How To Index A NVarchar(MAX) Table In SQL Server
[SQL Server]
Suppose we have this table:
CREATE TABLE Books
(
BookID UNIQUEIDENTIFIER PRIMARY KEY
DEFAULT (NEWSEQUENTIALID()),
Title NVARCHAR(500) NOT NULL
UNIQUE,
PublishDate DATE NOT NULL,
Abstract NVARCHAR(MAX) NOT NULL
);
Let’s insert a bit of data into it.
INSERT dbo.Books
(
Title,
PublishDate,
Abstract
)
VALUES
(
'The Hunger Games', '09/14/08', ''
),
(
'Harry Potter and the Order of the Phoenix', '09/28/04', ''
),
(
'To Kill a Mockingbird', '05/23/06', ''
),
(
'Pride and Prejudice', '10/10/2000', ''
),
(
'Twilight', '09/06/2006', ''
),
(
'The Book Thief', '03/14/06', ''
),
(
'Animal Farm', '04/28/96', ''
),
(
'The Chronicles of Narnia', '09/16/02', ''
),
(
'J.R.R. Tolkien 4-Book Boxed Set: The Hobbit and The Lord of the Rings', '09/25/12', ''
);
We then want to be able to query this data for a bunch of things, so it would make sense to index the columns.
CREATE INDEX ixBookTitle
ON dbo.Books (Title);
CREATE INDEX ixBookPublishDate
ON dbo.Books (PublishDate);
CREATE INDEX ixBookAbstract
ON dbo.Books (Abstract);
The first two will execute successfully.
The third, however, would refuse with this error:
Msg 1919, Level 16, State 1, Line 7
Column 'Abstract' in table 'dbo.Books' is of a type that is invalid for use as a key column in an index.

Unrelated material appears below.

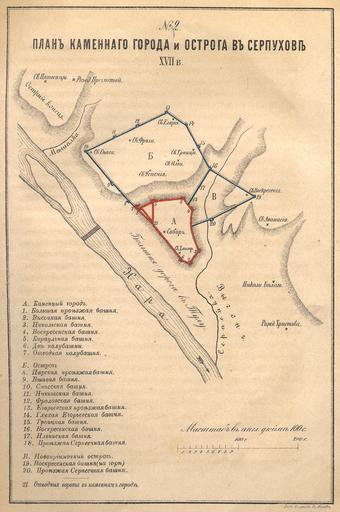 | Keywords: Serpukhov Kremlin XVII.jpg План каменного го ода и ост ога в Се пухове XVII века Симсон П Исто ия Се пухова в связи с Се пуховским княжеством и вообще с отечественною исто иею 1880 1880 Симсон П PD-old original upload log ru wikipedia MadMadDog page ru wikipedia Serpukhov_Kremlin_XVII jpg 2006-12-10 10 58 Се гей Бонда енко 798×1200× 303027 bytes <nowiki> Изоб ажение азвание План каменного го ода и ост ога в Се пухове XVII века Описание План каменного го ода и ост ога в Се пухове </nowiki> Serpukhov Kremlin Landmarks in Russia Old maps of cities of the Russian Empire Serpukhov Maps of Serpukhov |
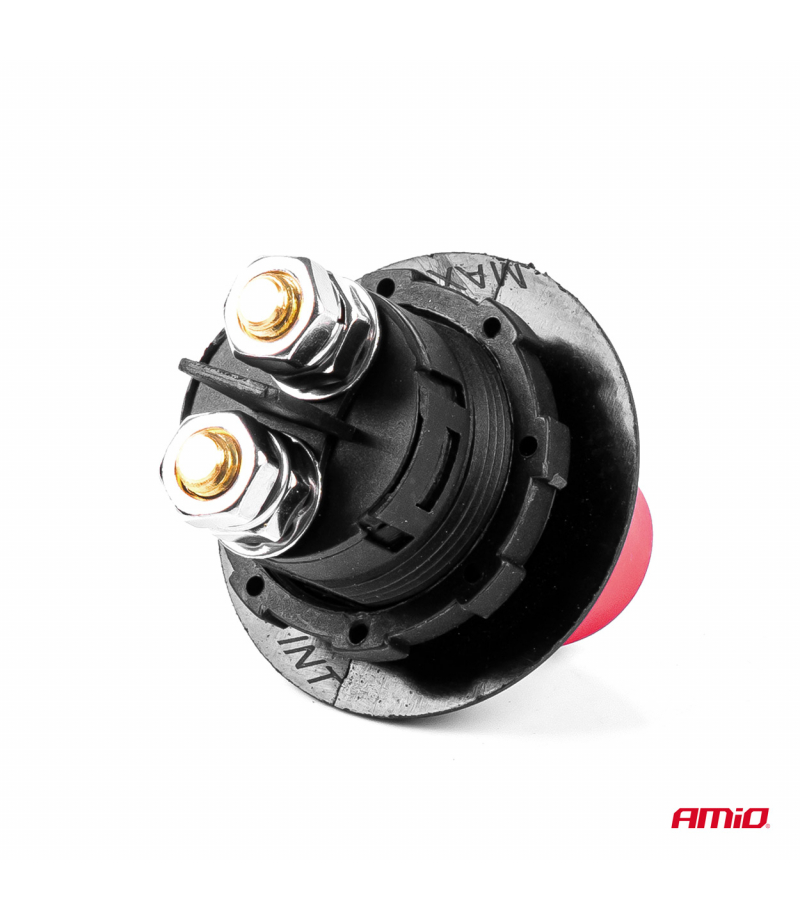 WYŁĄCZNIK ODŁĄCZNIK PRĄDU AKUMULATORA HEBEL PRĄD ROBOCZY 100A PRĄD CHWILOWY 150A PRĄD SZCZYTOWY 500A HEBEL RYGIEL 3-pozycyjny uniwersalny do wbudowania ON-OFF-OUT Średnica montażowa: 29mm Średnica zewnętrzna: 45mm Wysokość całkowita: 55mm Wysokość po zamontowaniu: 20mm Przyłącza elektryczne: M6 Napięcie: max 32V Zastosowanie w instalacji elektrycznej pojazdów osobowych, ciężarowych, maszynach rolniczych i budowlanych, przyczepach kempingowych, łodziach...

This is because you cannot actually index a NVARCHAR(MAX) column.
Not directly, anyway.
There are two ways to go around this.
1. Include Indexes
Much as you cannot directly index NVARCHAR(MAX)
columns, they can participate in an index by being included.
So you can do this:
CREATE INDEX ixBookIDAbstract
ON dbo.Books (BookID)
INCLUDE (Abstract);
We can verify that this index would be used by running a query and looking at the query plan.
2. Index Computed Columns
Another way of going around this problem is to create a computed column and then index that
ALTER TABLE dbo.Books
ADD
AbstactCheckSum AS CHECKSUM(Books.Abstract);
GO
CREATE INDEX ixBooksAbstractChecksum
ON dbo.Books (AbstactCheckSum);
Here we are making use of the knowledge of the CHECKSUM SQL Server function, that given an input will generate a checksum value (a number).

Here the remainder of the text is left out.